# [Work required]
Take the entries that follow and return only the lines from the one with "pengerjaan di titik" through the final line, leaving every picture behind.

# [Provided data]

* * * * *

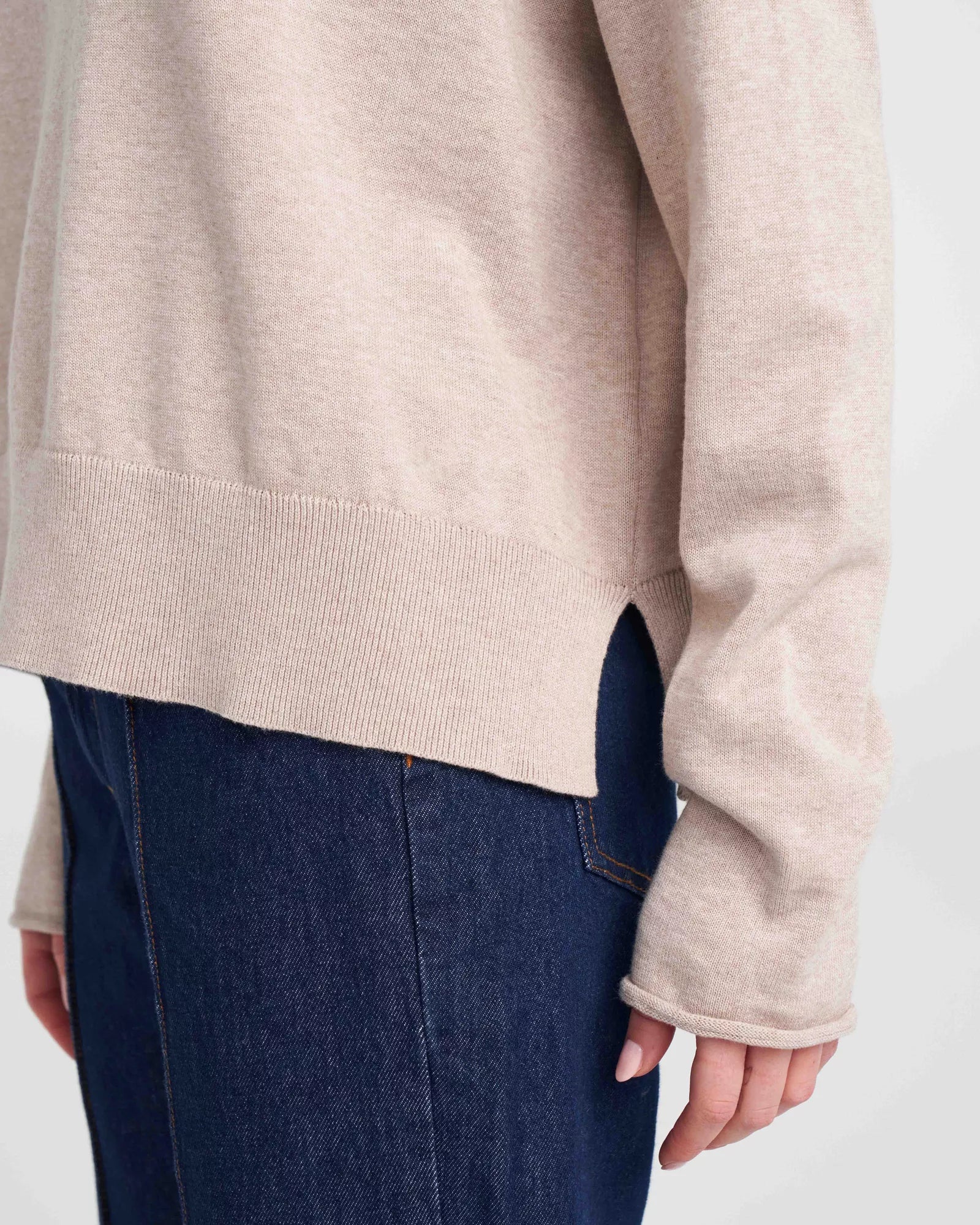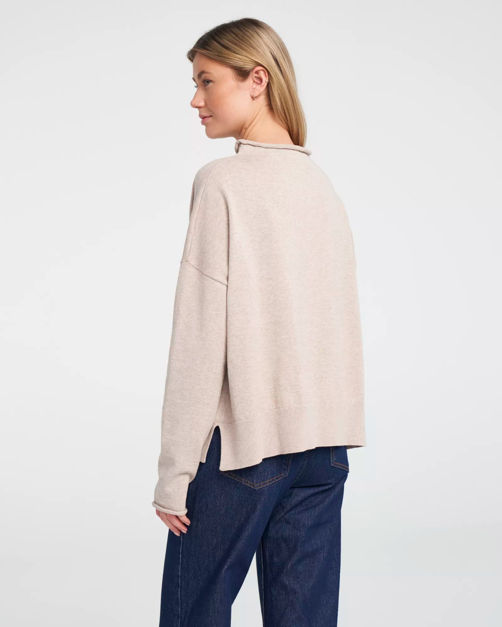 Finely knitted sweater in 100% cotton with turtle neck and ribbed hem. Dropped shoulders, boxy fit and slits in the sides. A perfect basic piece! Sustainably produced in Europe.
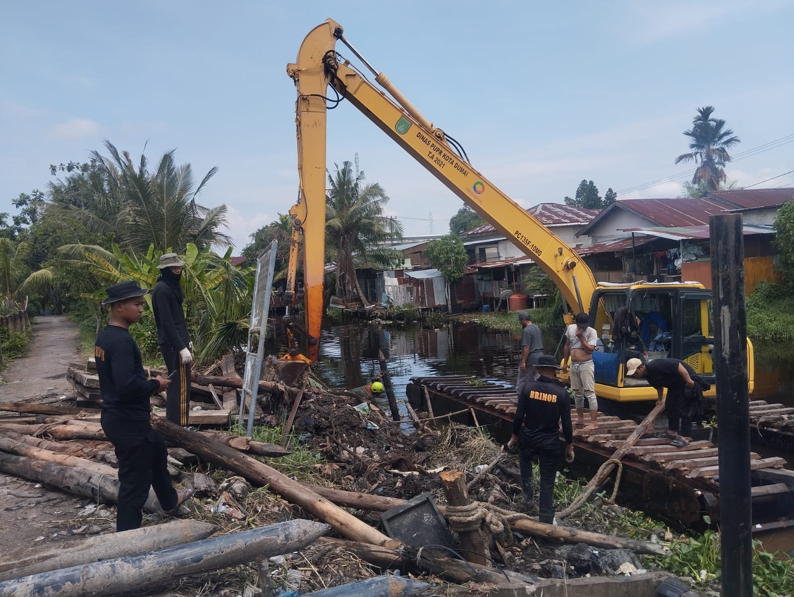pengerjaan di titik ini melibatkan kolaborasi antara 3 personel Polres Dumai, 5 personel BKO Sat Brimob, dan dibantu oleh 4 orang relawan setempat.
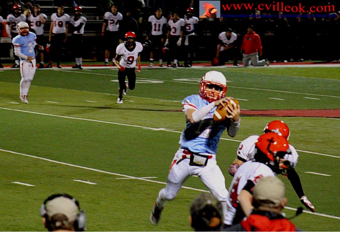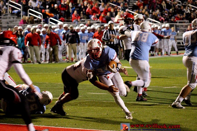 | On Collinsville first possession (following a Bishop Kelley punt to the Cardinal 30) Seth Boomer kept to the Cards 48 followed by a 52 yard TD scamper up the middle by Sheaffer Smith (above). | |||||||||
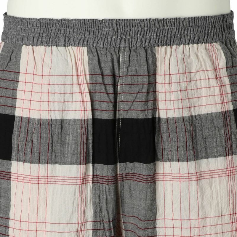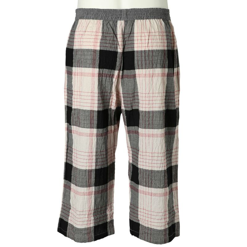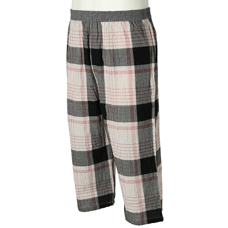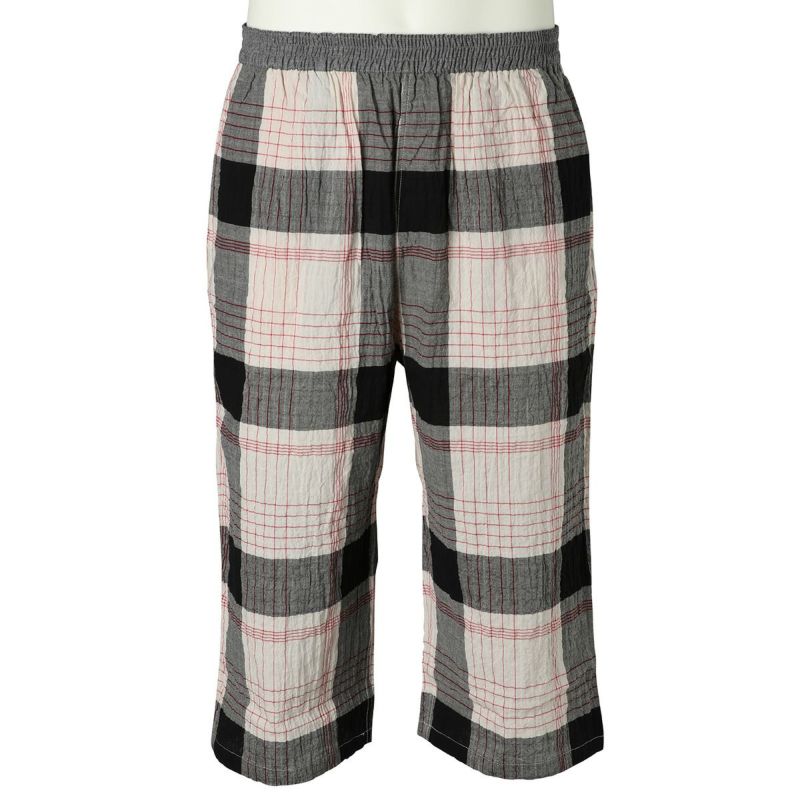 メンズ7分丈ボトムスは、足首をすっきり見せる丈感。ウエストは別布を切り替え使用。夏のお部屋着におすすめ。
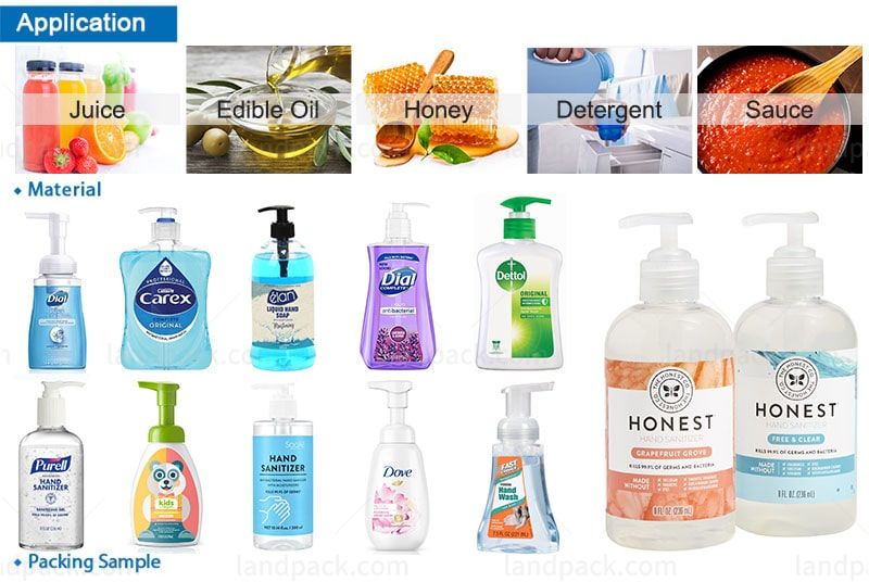 Full automatic liquid bottle filling and capping line, It is suitable for filling liquids and pastes of any fluidity in medicine, food, cosmetics and other industries. Such as alcohol disinfectant, hand sanitizer, disinfectant, alcohol spray, syrup, oral liquid, sauce, shampoo, fruit juice, honey, etc.

* * * * *

# [Exercise response]
pengerjaan di titik ini melibatkan kolaborasi antara 3 personel Polres Dumai, 5 personel BKO Sat Brimob, dan dibantu oleh 4 orang relawan setempat.
 | On Collinsville first possession (following a Bishop Kelley punt to the Cardinal 30) Seth Boomer kept to the Cards 48 followed by a 52 yard TD scamper up the middle by Sheaffer Smith (above). | |||||||||
 メンズ7分丈ボトムスは、足首をすっきり見せる丈感。ウエストは別布を切り替え使用。夏のお部屋着におすすめ。
 Full automatic liquid bottle filling and capping line, It is suitable for filling liquids and pastes of any fluidity in medicine, food, cosmetics and other industries. Such as alcohol disinfectant, hand sanitizer, disinfectant, alcohol spray, syrup, oral liquid, sauce, shampoo, fruit juice, honey, etc.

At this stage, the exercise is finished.